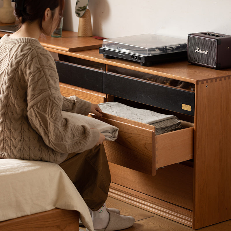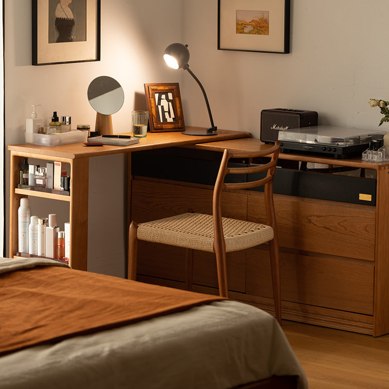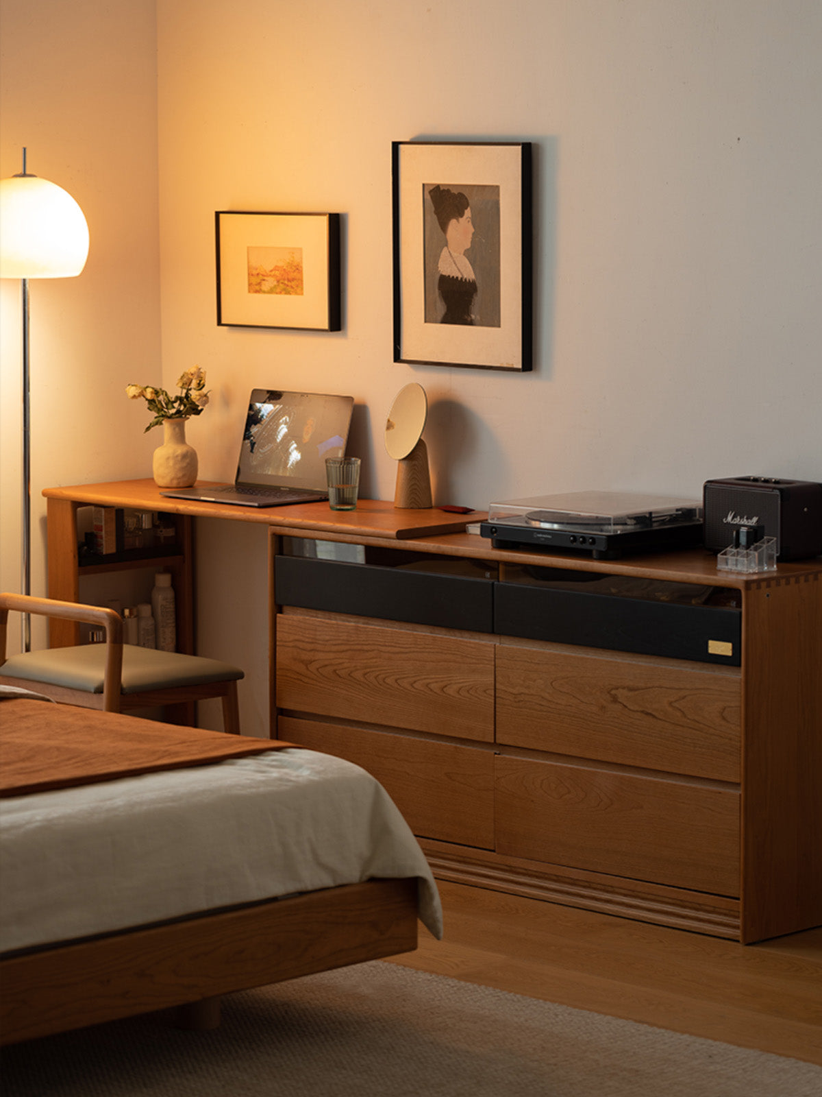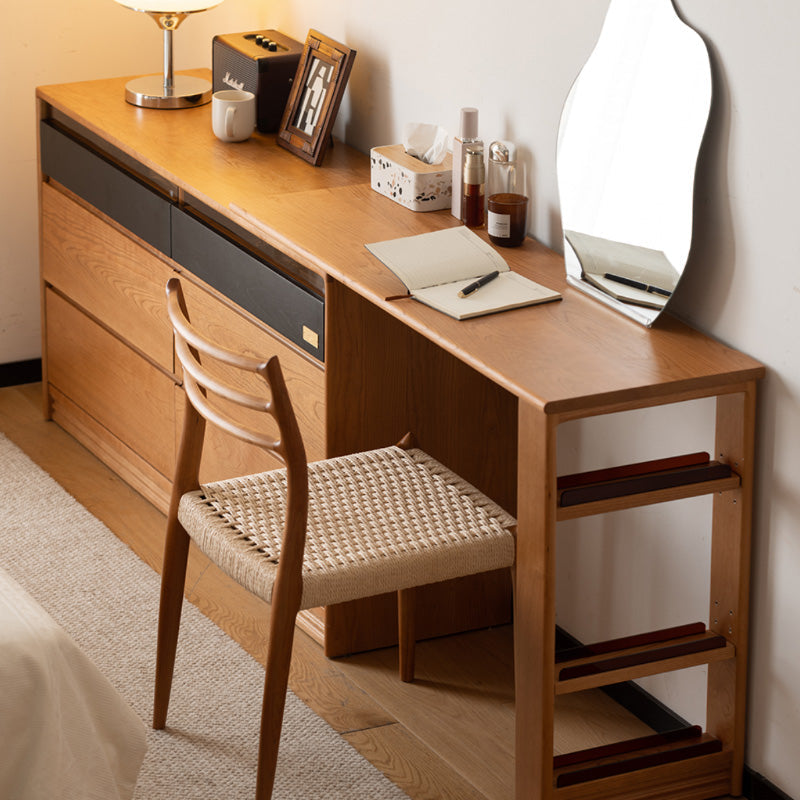 収納付きウッド伸長式ドレッサーは、北米産の高品質なチェリー材を使用し、シンプルで洗練されたデザインが特徴です。フレキシブルな設計で、テーブル部分は自由に配置可能。6段の大容量引き出しがあり、衣類や小物を整理整頓するのに最適です。高級感溢れる素材と安全性を兼ね備え、強化ガラス付きで安心して使用できます。組み立てが簡単で、どんなインテリアにもマッチするこのドレッサーは、長く愛用できる家具です。
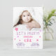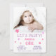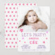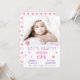 Convite de Aniversário de 1 Ano para menina ou menino. Cartão de aniversário de primeiro ano com foto fofa. O cartão tem estrelas cor-de-rosa na frente e no verso. O design tem uma foto - insira sua foto no modelo e personalize o cartão com seus detalhes. Convide sua família e amigos para a festa de primeiro aniversário da sua menina ou menino.
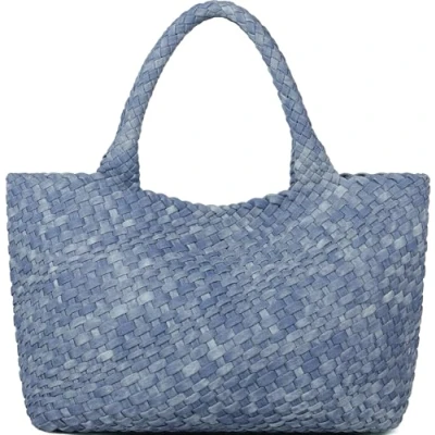 Queenoris Woven Bag for Women, Fashion Top Handle Shoulder Vegan Leather Shopper Large Travel Tote Bag, Denimblue, M
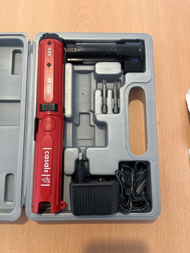 Detalles del productoAtornillador eléctrico recargable de la marca Casals.
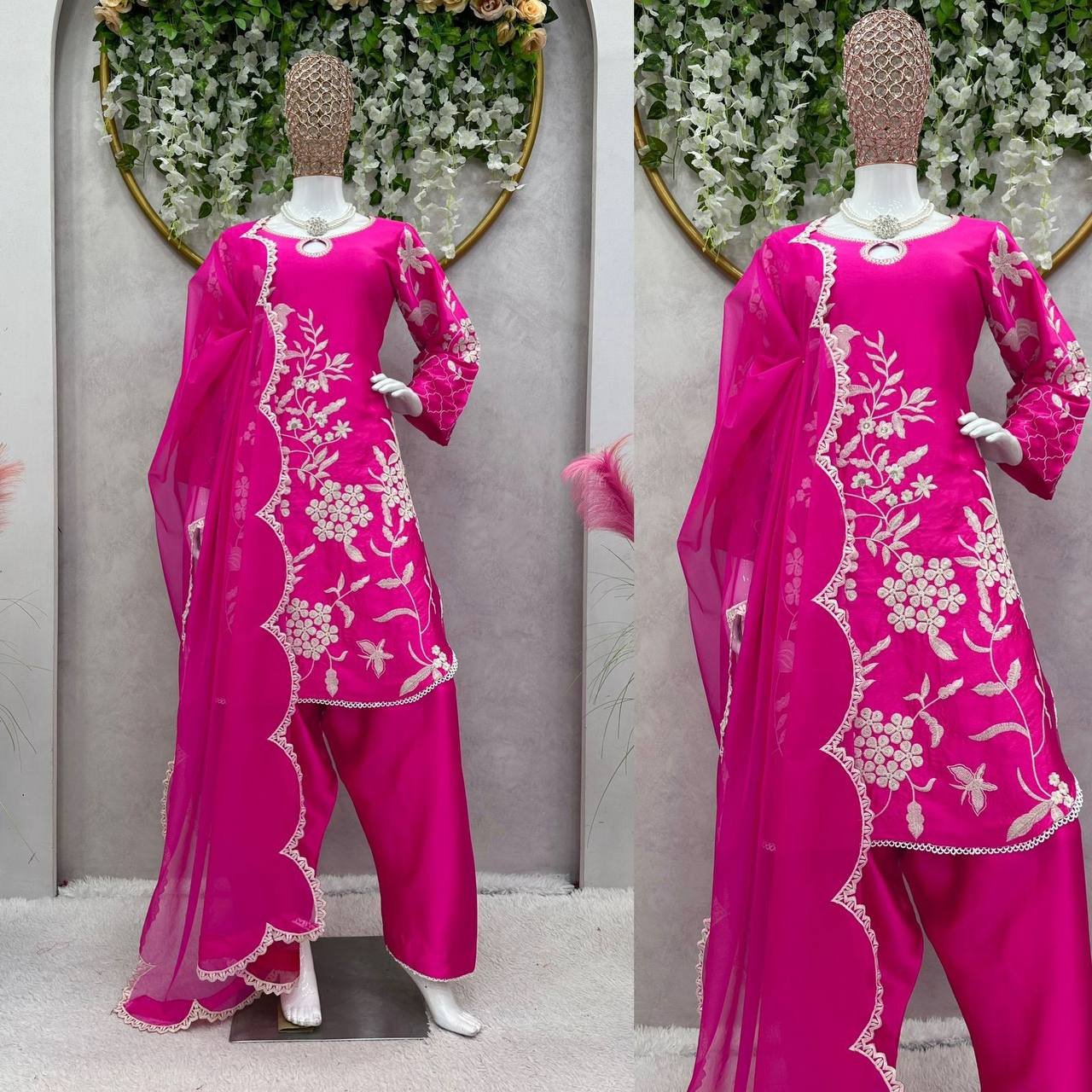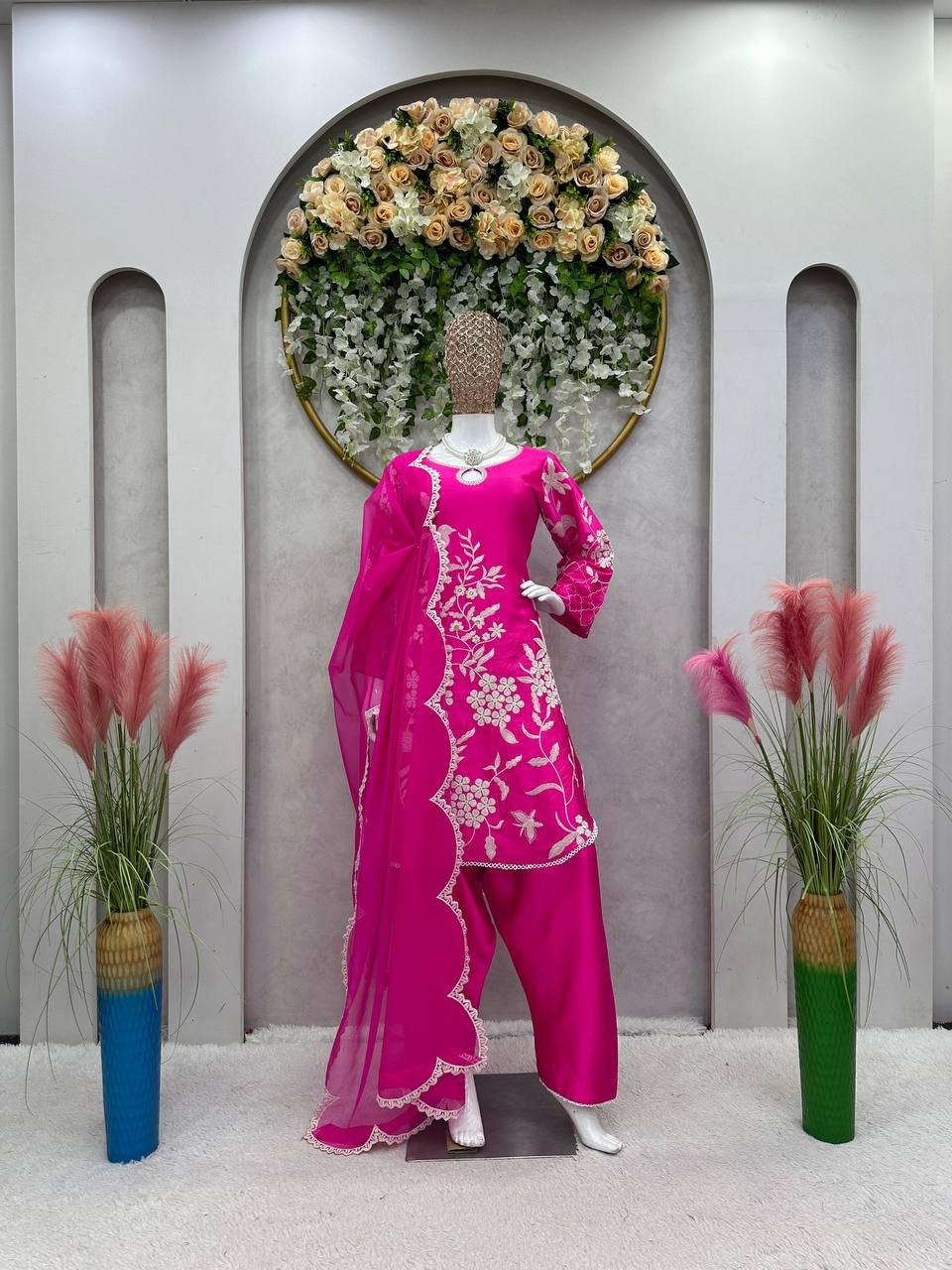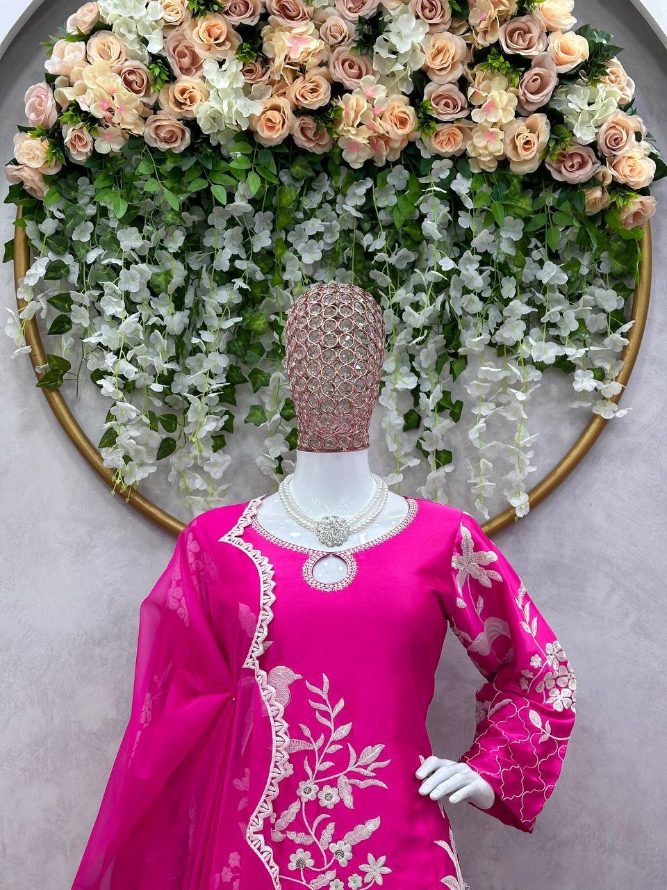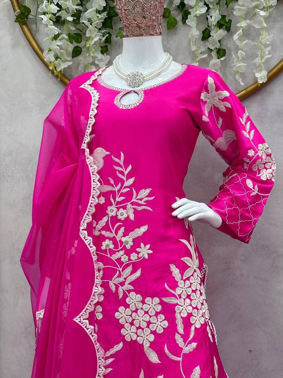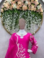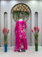 This designer suit set is crafted for women who love traditional elegance with a modern touch. The smooth Japan satin fabric ensures a luxurious feel, while the detailed embroidery enhances its festive appeal. A perfect choice for graceful ethnic styling.
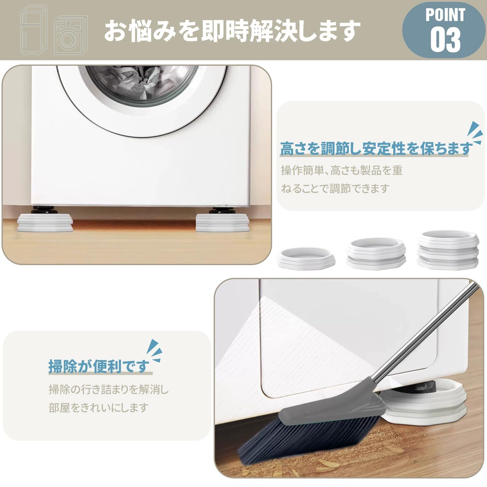 【多用途】さまざまなタイプの冷蔵庫、テレビ、洗濯机、テーブルなどの家具や大型家電の耐衝撃静音に適応します。家具家電製品の各脚の下に置くだけで、より安定になり、振動や騒音を低減することもできます。使用シーンに応じて、マットの数を自由に増やすこともできます。
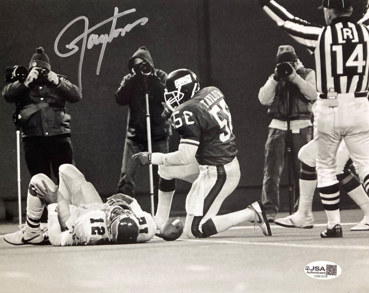 Featured is a Lawrence Taylor signed 8x10 New York Giants photo. This photo has been hand signed by Taylor and comes with the JSA QR hologram. This photo would make a great addition to any sports memorabilia collection..
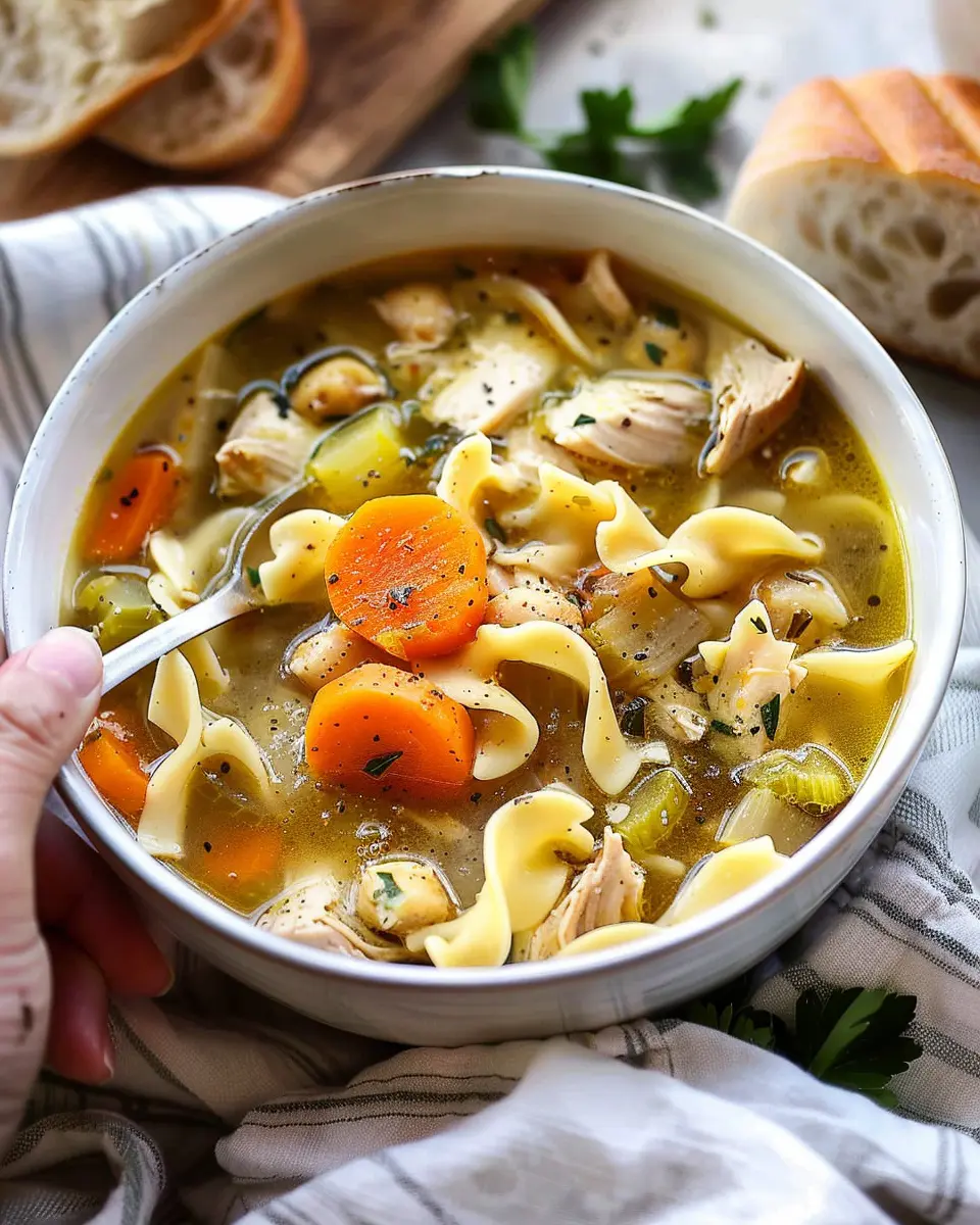 Feel free to customize your homestyle chicken noodle soup! If you’re out of turkey bacon, lean turkey can work well too. For a vegetarian version, just switch to vegetable broth and add more veggies. No egg noodles? Try whole grain or gluten-free options. The beauty of soup is its flexibility—play around with what you have on hand!
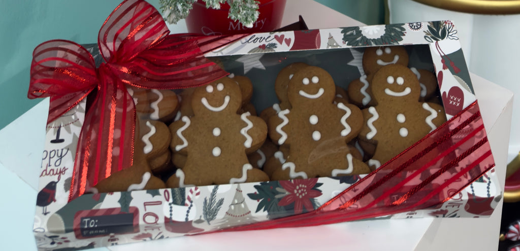 Our holiday-perfect gingerbread men come beautifully packed in a festive window box and finished with a bold red ribbon. Each cookie is soft, spiced, and hand-decorated with classic white icing—smiling, cheerful, and ready for gifting. A sweet, charming treat for friends, teachers, coworkers or anyone who deserves a little holiday joy.
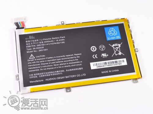 这块锂电容量是4400mah,高于Nexus 7的4326mah,得胜出品
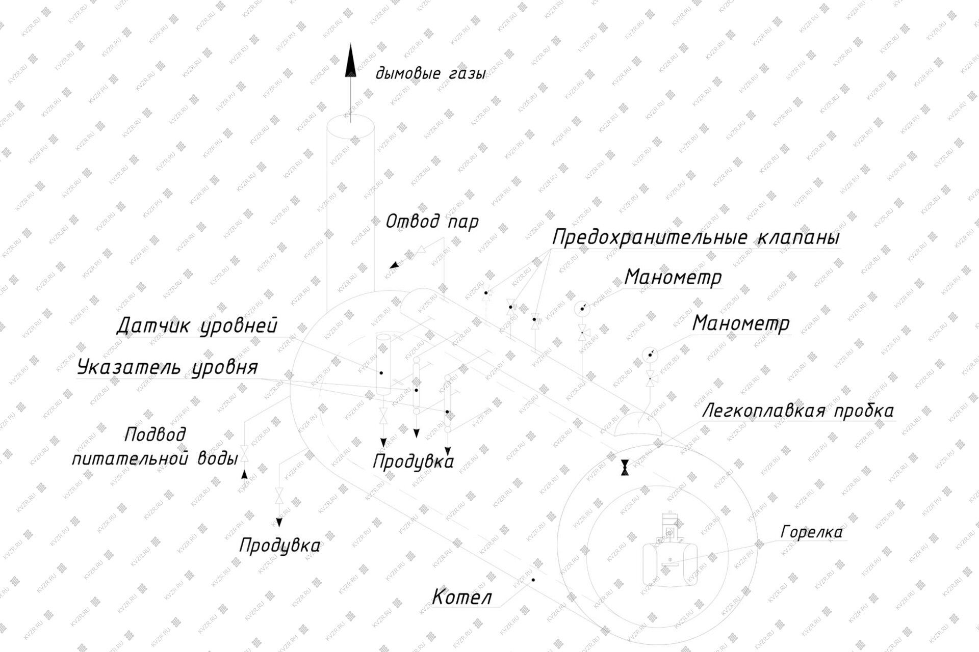 Теплообменник изготавливается из двух стальных цилиндров разного диаметра, вставленных один в другой и соединенных между собой фланцами и конвективными трубами. В верхней части теплообменника приварен паросборник, представляющий собой полуцилиндр. Конвективный трубный пучок соединяет верхнюю и нижнюю часть водяной рубашки котла, пар образуется при испарении нагреваемой воды и собирается в паросборной камере, далее через паропровод направляется потребителю на технологические нужды. Дымовые газы проходят через трубный пучок и выходят в верхней части котла. В передней части жаровой трубы размещена топка амбразурой под горелку, а в задней части - конвективный пучок труб. Топливо подается через горелку, паропроизводительность регулируется путем увеличения или уменьшения количества топлива. Температура сухого насыщенного пара высокого давления регулируется изменением давления пара, чем ниже давление пара, тем ниже температура.
+===+
(PROBLEM DETAILS)
For this exercise, copy each line of the data above exactly, from the first through the line containing "Convite de Aniversário", and drop the pictures.

(YOUR SOLUTION)
 収納付きウッド伸長式ドレッサーは、北米産の高品質なチェリー材を使用し、シンプルで洗練されたデザインが特徴です。フレキシブルな設計で、テーブル部分は自由に配置可能。6段の大容量引き出しがあり、衣類や小物を整理整頓するのに最適です。高級感溢れる素材と安全性を兼ね備え、強化ガラス付きで安心して使用できます。組み立てが簡単で、どんなインテリアにもマッチするこのドレッサーは、長く愛用できる家具です。
 Convite de Aniversário de 1 Ano para menina ou menino. Cartão de aniversário de primeiro ano com foto fofa. O cartão tem estrelas cor-de-rosa na frente e no verso. O design tem uma foto - insira sua foto no modelo e personalize o cartão com seus detalhes. Convide sua família e amigos para a festa de primeiro aniversário da sua menina ou menino.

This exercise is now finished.